Si le marché unique, qui compte 500 millions de consommateurs et 21 millions d'entreprises, fonctionnait mieux, nous pourrions trouver chez nous en Europe deux, trois, voire quatre points de croissance supplémentaires en quelques années. Nous n'avons pas le droit de ne pas les chercher là où ils sont et de décevoir les attentes des citoyens. Tel est l'objet du Single Market Act, de l'Acte pour le marché unique, que la Commission a approuvé le 27 octobre. Nous lançons le débat en adressant dans leur langue à tous les parlementaires nationaux, à toutes les régions, à toutes les forces économiques et sociales européennes, un petit livre bleu, et en demandant à tous de nous faire part de leurs remarques et de leurs idées pour améliorer le marché intérieur. Ce document décline nos propositions, d'inégale importance, en trois grands chapitres.

Le premier est consacré à la compétitivité des entreprises, à la capacité d'innovation. J'espère parvenir à débloquer le dossier du brevet européen, question en suspens depuis trente ans. Déposer un brevet européen coûte dix fois plus cher qu'aux Etats-Unis. La conséquence est que les porteurs d'innovation ne se protègent pas correctement, sauf dans quelques pays, ce qui laisse ailleurs le champ libre aux produits contrefaits grâce à nos inventions. Voilà un exemple des obstacles à lever pour libérer la compétitivité.

J'ai la conviction que, pour gagner la bataille de la croissance et de la compétitivité, chaque entreprise est nécessaire, mais aussi chaque citoyen. Le deuxième chapitre s'adresse donc à celui-ci, en tant qu'acteur – entrepreneur, artisan, travailleur ou consommateur, épargnant ou actionnaire – de la vie économique.

Le troisième chapitre concerne la gouvernance, le dialogue social, le partenariat avec les régions, la mise en oeuvre de la législation européenne, les études d'impact.
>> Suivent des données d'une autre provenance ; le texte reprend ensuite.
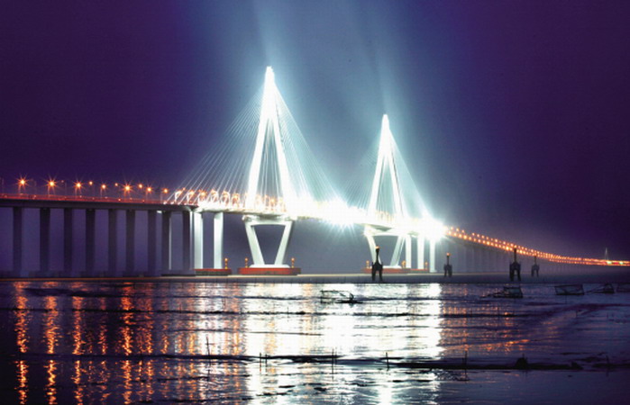 从整体上看,跨海大桥采用了西湖苏堤的形态,借助“长桥卧波”的美学理念,呈现S形曲线,并引入了景观设计概念,使其具有较高的观赏性、游览性。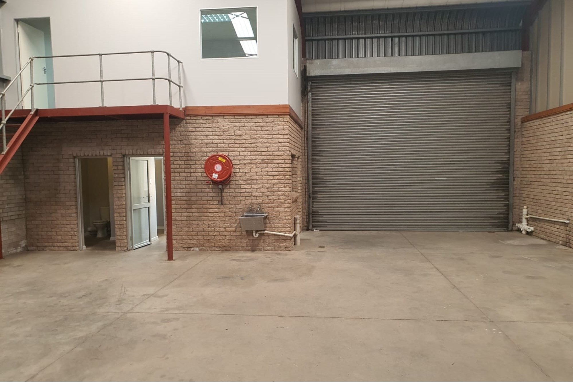 The unit includes a modern, air-conditioned reception area with a kitchen and toilet, as well as a separate toilet and basin within the warehouse section. A spacious mezzanine office provides an elevated view of the floor, ideal for overseeing operations.

De manière assez inhabituelle, nous mettons ce projet en débat pendant quatre mois, de façon que les parlements nationaux fassent remonter leurs idées. La Commission n'entend donc pas imposer ce texte. Au mois de février, nous arrêterons la liste définitive de nos propositions et les commissaires concernés par ces propositions s'engageront à leur donner corps en deux ans.